By letter to the District dated January 29, 1981, the Association stated in part: "The Gretna Education Association continues to represent a substantial majority of the teachers employed by the School District. The Association requests that the School District continue its recognition of the Association as the negotiations representative of the teachers.' The letter requested good faith negotiations for the 1981-1982 contract year as to certain listed subjects.
The District responded to the Association's letter of January 29, 1981 by letter dated February 26, 1981 stating in part: 'The Gretna Board of Education recognizes your association as the exclusive negotiating agent to negotiate for salaries and fringe benefits for the school district certified teaching employees except for the position of Superintendent, Assistant Superintendent, Principals, Assistant Principals, Vocational Coordinator and Athletic Director as has been the practice in the past. This was enacted by the Board of Education meeting February 16, 1981.'
Thereafter the representatives of the Association and School district met on one or more occasions and negotiated with reference to terms and conditions of employment. The Association's negotiating team consisted of 6 individuals and the District's team consisted of 3 individuals. The District Superintendent of Schools Ronald Anderson who is the Chief Administrative Officer of the District and of its Board of Education attended all negotiating sessions, not as a member of the negotiating team but in an advisory capacity and to assist in clarification of issues.
On or about June 15, 1981, the parties reached an impasse in their negotiations. Under the Teachers' Professional Negotiations Act each party then proceeded to select a fact finder and a third party fact finder was selected. the Association alleged in its Petition as originally filed that the District had failed to timely comply with the fact finding provisions of the Teacher's Professional Negotiations Act but deleted this allegation by amendment immediately prior to trial. The evidence is clear that the fact finding provisions of the TPNA were initiated but there is no evidence of termination of the fact finding process.
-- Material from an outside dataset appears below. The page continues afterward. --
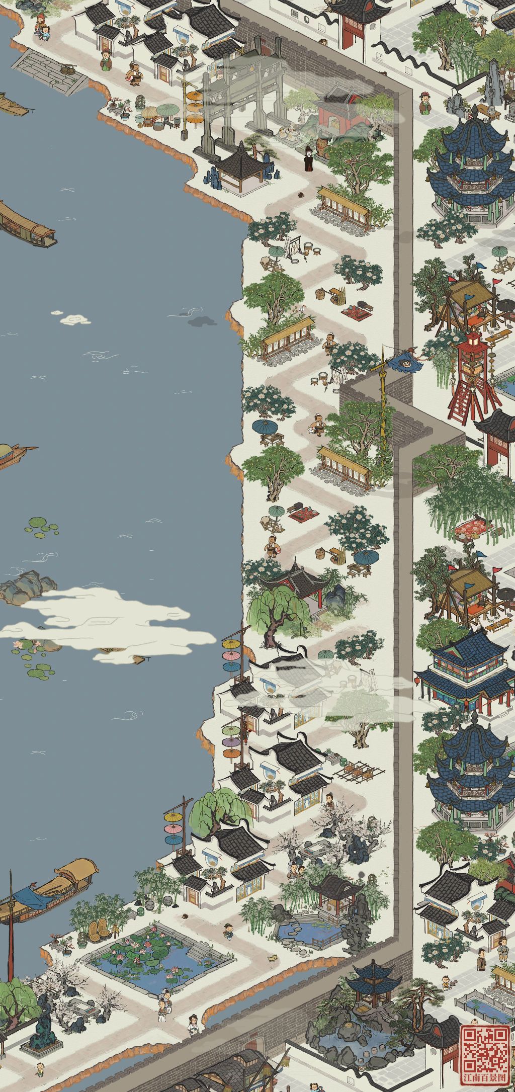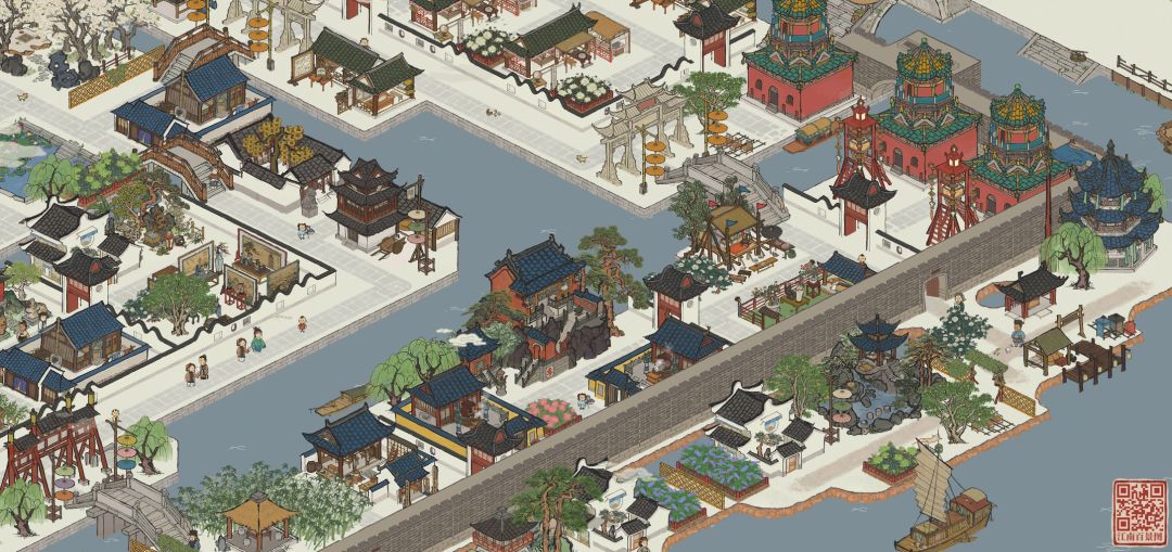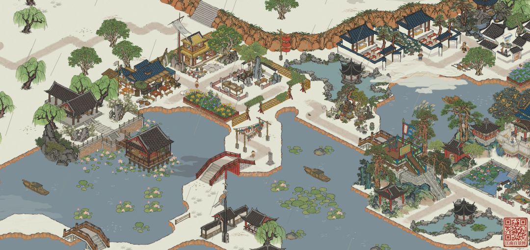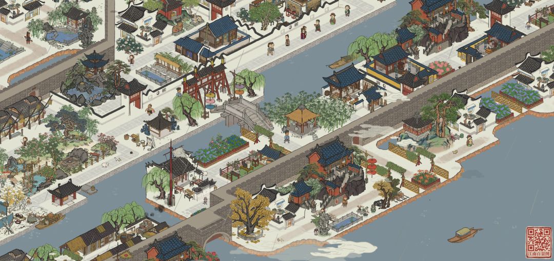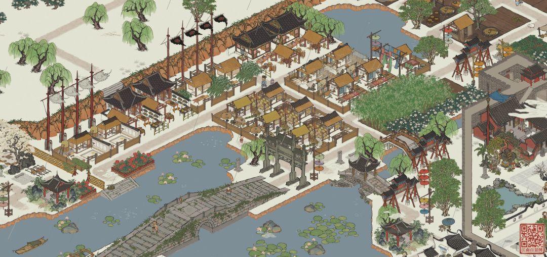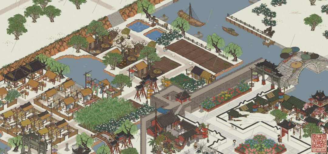 杭州府布局和以前一样遵循路都能走通的原则。与之相对,功能区划分不再那么明确,而是注重设计感。

The Commission therefore finds that fact finding pursuant to the provisions of the TPNA was in progress at the time of the trial.
Following the initiation of fact finding there were no further meetings between the negotiating teams.
During the negotiating sessions the highest base salary offered by the District was either $11,300 or $11,400. A new proposal of an $11,500 base salary was discussed by the District's Board on August 3, 1981. It was the consensus of the Board that such an offer should be made, and the Board's negotiating team directed the Superintendent to make such an offer.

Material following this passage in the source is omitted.